Kardinal Gianfranco Ravasi: Idee einer „multikulturellen Gesellschaft“ ist gescheitert
Felizitas Küble, Leiterin des kath. KOMM-MIT-Verlags in MünsterDer Präsident des Päpstlichen Rates für Kultur, Kardinal Gianfranco Ravasi, erklärte jetzt auf dem 35. bischöflichen Fokolar-Treffen in Castel Gandolfo, die Idee einer „multikulturellen Gesellschaft“ sei gescheitert. Stattdessen solle man, so Ravasi, vermehrt den respektvollen Dialog „starker kultureller Identitäten“ fördern.
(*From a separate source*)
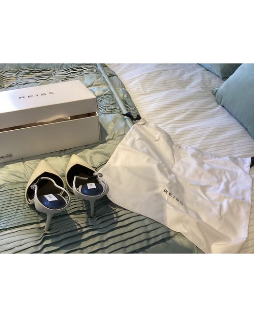 Elevate your ensemble with these elegant Reiss stiletto heels, a blend of contemporary style and classic comfort. Crafted with a supple leather upper and a sleek pointed toe, these shoes are a versatile addition to any wardrobe. The off-white hue offers a chic, neutral palette that pairs effortlessly with a range of outfits, from tailored trousers to your favourite dresses. Standing at a poised 11cm heel, these strappy sandals provide both height and comfort. The interior boasts a leather insole and a durable synthetic outsole designed to support and endure. EU size 39 and UK size 6, these Reiss heels are a sophisticated choice for any occasion that calls for a touch of class.

Der Kurienkardinal stellte zugleich in Aussicht, daß der Vatikan demnächst offiziell zu diesem Thema Stellung beziehen wolle.
Ravasi wies darauf hin, daß sich der „Multikulturalismus“ heute vor allem in städtischen Ballungszentren konzentriert, wobei häufig ein „Zusammenprallen“ verschiedener radikaler Migrantengruppen festzustellen sei.
Der Kardinal beobachtete eine „doppelte Krankheit“ in Europa: auf der einen Seite eine aggressive Betonung der eigenen Identität, auf der anderen Seite „Oberflächlichkeit, mangelnde Moral, Vermischung verschiedener Kulturen, Banalität und ein kultureller Nebel, der heute vorherrschend ist“.
Kurz zuvor fand der britische Premierminister David Cameron auf der Münchner Sicherheitskonferenz ebenfalls klare Worte zum Scheitern der multikulturellen Gesellschaft. Ähnlich äußerte sich die deutsche Kanzlerin Angela Merkel bereits am 16. Oktober 2010, als sie erklärte: „Multikulti ist absolut gescheitert.“
Im Unterschied zu Merkel will der britische Premier jedoch Taten folgen lassen. Inzwischen arbeiten Camerons Nationaler Sicherheitsrat an einer Neufassung von Förderbestimmungen. Diese Kriterien erwähnte der Premier auch in seiner Münchner Rede:
Minderheitengruppen, die staatliche Förderung wünschen, müssen uneingeschränkt die Menschenrechte achten einschließlich der Gleichberechtigung der Geschlechter und religiöser Toleranz; sie müssen an Demokratie und Rechtsstaat gebunden sein und sich als integrationswillig erweisen.
Noch eindeutiger äußerte sich nun Lord Sacks, Oberrabbiner der jüdischen Gemeinschaft in England, am vergangenen Mittwoch in der Zeitung „Times“: „Eine Auflösung nationaler Identitäten macht es Minderheiten unmöglich, sich zu integrieren“, erläuterte er - und bestärkte damit Premier Cameron in seinen Auffassungen.
Zudem stellte Oberrabbi glasklar fest: „Moralische Relativierung ist die eigentliche Totenglocke der Zivilisation“. Lord Sacks Begründung: „Dann gibt es statt moralischer Übereinstimmung einen Zusammenstoß von Ansichten, wobei die lauteste Stimme gewinnt.“
Der britische Oberrabbi schrieb zudem: „Multikulturalismus ist ein Teil der moralischen Relativierung, die ein europäisches Phänomen darstellt.“ - Außerdem unterstützte Lord Sacks den Ruf Camerons nach einer Stärkung des nationalen Gemeinschaftsgefühls: „Eine Auflösung nationaler Identitäten macht es Minderheiten unmöglich, sich zu integrieren, weil es dann nichts gibt, in das man sich integrieren können“, erklärte der Oberrabbi.